JB – On peut, me semble-t-il, noter en premier lieu l’extraordinaire influence qu’exerce sainte Thérèse de l’Enfant-Jésus sur un grand nombre de ces jeunes saints : elle a bouleversé la notion de sainteté, grâce à sa voie d’enfance spirituelle accessible à tous. Il y a aussi – en Italie notamment – l’influence de l’Action catholique, qui a été véritablement plasmatrice de saints. Celles des communautés nouvelles tels les Focolari, le mouvement charismatique, la spiritualité de Schönstatt, etc. Je crois que l’on peut souligner également un renouveau de la piété mariale, une piété solide, débarrassée de tout sentimentalisme réducteur. Et la dimension mystique de cette sainteté : non pas les phénomènes, mais une soif d’absolu, une exigence de relation personnelle, intime, avec Dieu, qui parfois débouche sur un contact avec l’ineffable. Un contact vécu, fécond, se traduisant en apostolat, en souci de l’autre, jusqu’au don de la vie : il y a une dimension mystique du martyre très originale, que l’on a retrouvée. Des pages du martyrologe du XXe siècle n’ont rien a envier aux Actes de martyrs des premiers siècles.

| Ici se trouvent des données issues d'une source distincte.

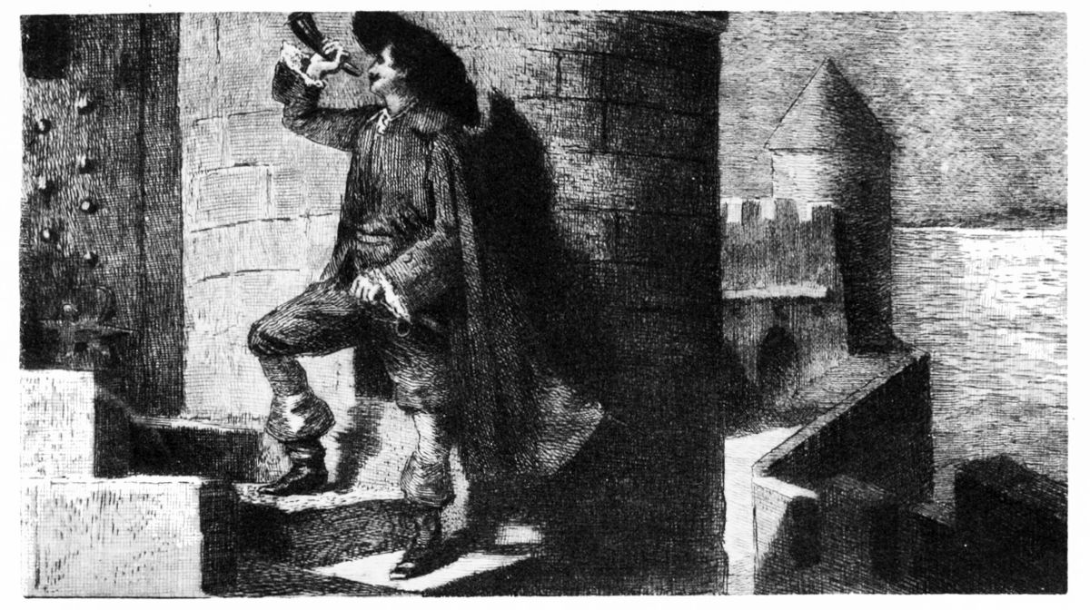 The crowd steadily increased. Just at this instant, a young man who was crossing the wharf, seeing the mob of people, dismounted from his horse, handed the bridle to the servant behind him, and entered the Spladgest. He wore a simple travelling dress, was armed with a sword, and wrapped in a large green cloak; a black plume, fastened to his hat by a diamond buckle, fell over his noble face and waved to and fro upon his lofty brow, shaded by{32} chestnut hair; his boots and spurs, soiled with mud, showed that he had come a long distance.

Q – Quel est le « message » que vous voudriez faire passer à travers ce livre ?

JB – Que la sainteté est l’affaire de tous. Que Dieu respecte infiniment chacun de nous : il sait que les chemins de conversion sont différents de
l’un à l’autre, il respecte notre liberté, nos conflits, nos choix. Il est patient, il est à l’écoute des aspirations les plus profondes de chacun, il connaît bien nos limites, nos frustrations, mais aussi notre générosité, notre bonne volonté, nos enthousiasmes, et il les canalise, les panse, les élève. Il nous responsabilise, nous apprend à dire Je, à nous personnaliser, à nous autonomiser : chacun est aimé comme il est, pour ce qu’il est : « Le cœur est regardé .» C’est ce qu’ont compris et vécu ces jeunes saints.

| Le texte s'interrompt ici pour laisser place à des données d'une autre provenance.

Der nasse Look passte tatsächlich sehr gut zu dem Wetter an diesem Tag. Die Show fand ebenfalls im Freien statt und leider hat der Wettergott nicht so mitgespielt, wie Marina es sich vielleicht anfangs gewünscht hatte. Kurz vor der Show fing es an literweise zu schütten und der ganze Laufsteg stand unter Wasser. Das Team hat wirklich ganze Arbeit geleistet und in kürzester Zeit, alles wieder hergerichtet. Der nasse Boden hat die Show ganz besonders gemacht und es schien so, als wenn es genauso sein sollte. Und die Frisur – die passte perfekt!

Q – Dernière question : quels sont, parmi les 72 que vous présentez, ceux qui vous touchent le plus, ceux que vous préférez ?

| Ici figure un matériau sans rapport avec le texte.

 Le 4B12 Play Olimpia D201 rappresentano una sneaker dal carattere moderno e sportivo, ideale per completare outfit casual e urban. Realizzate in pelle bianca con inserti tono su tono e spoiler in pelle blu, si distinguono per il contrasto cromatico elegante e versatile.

JB – Mes préférés ? Claire de Castelbajac, parce que je la connais bien, ayant travaillé à sa cause de béatification. Mais j’avoue aussi être touché par Satoko. Peter ToRot. Livatino, Baladi, Palatucci, Flores, Kapaun. Je suis très sensible au fait que cette sainteté est vraiment mondiale, universelle. Je crois que c’est aussi un point fort du livre, on quitte la sphère européenne, et même occidentale, pour voir Dieu à l’œuvre partout, dans le respect des singularités, des cultures. Mais tous, en fait, me sont chers, chacun a sa grâce, ses faiblesses et ses richesses : Marie-Rose Ferron était peut-être une fausse mystique (bien que je n’aime pas l’expression), mais elle a accompli un authentique chemin de sainteté. Certains ne sont pas très sympathiques a priori, ou vus de l’extérieurs, ils deviennent très attachants dans leurs luttes, leurs fragilités, leur générosité. Leur sainteté les rend non seulement imitables, mais véritablement aimables.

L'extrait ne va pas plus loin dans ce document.